This paper seeks to analyze and discuss whether Australia’s federal system needs reform. A federal system presupposes the independence of each state while allowing the federal government to be the final ruler above certain state decisions. A change if any would seem to presuppose making the structure of government more centralist, hence giving more power to the central government. Viewed in this context, this paper will try to evaluate the situation of Australia if such is change is necessary.
If one will try to trace the history of Australia, one may find that it has been the federalism structure that has been the focus for reform. There have been referenda that have been conducted in the past and that from about forty-two (42) referenda about more than one-half have proposed a change to the structure of the Australian Constitution.
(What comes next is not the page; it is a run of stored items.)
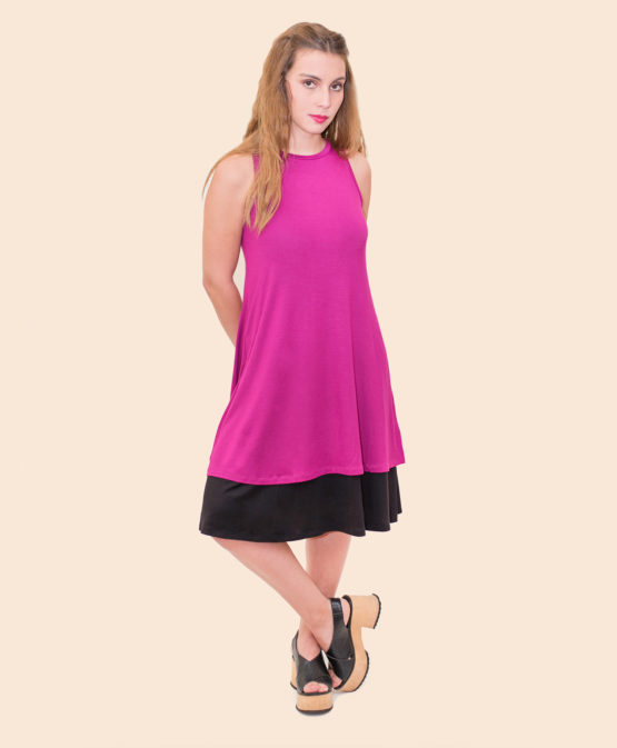 Vestido midi doble sin hombros corte evase, en algodón modal fucsia con negro, tallas S M L XL.
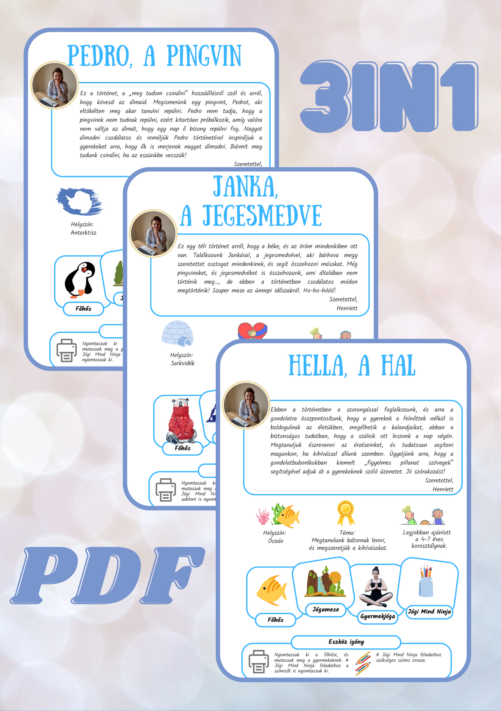 - Pedro, a pingvin (digitális termék), ami egy játékos gyermekjóga foglalkozás terv, melynek témája a kitartás, és, hogy merjünk álmodni. A foglalkozás terv 4 fő részből áll: a főhős bemutató képéből, a jógameséből, a gyermekjóga flowból, és egy Jógi Mind Ninja kreatív feladatlapból, melynek értéke 1.650 Ft
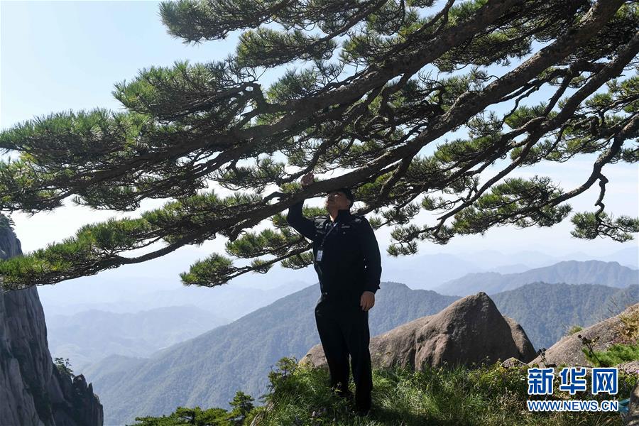 10月1日,安徽黃山風(fēng)景區(qū)管委會園林局迎客松專職守護(hù)人胡曉春在對迎客松進(jìn)行巡查。當(dāng)日是國慶節(jié),許多勞動者堅守在工作一線,在崗位上度過節(jié)日。新華社記者張端攝

One recorded evidence of strong desire to prove about moves for reform in the structure includes that Gough Whitlam making his famous criticism in 1957, that the Australian Labor Party (ALP) ‘has been handicapped… by a Constitution framed in such a way as to make it difficult to carry out Labor objectives.’ (‘Chifley Memorial Lecture’,1957)
As to what has caused Gough Whitlam to have made such comment must have a basis in fact and law. First, it would appear that one part of the Australian system that has been clamoring for constitutional change appears to be coming from the ALP. Such or attempts or moves for change from the ALP are not therefore surprising since the party has the interest to clamor for change as the party believes it.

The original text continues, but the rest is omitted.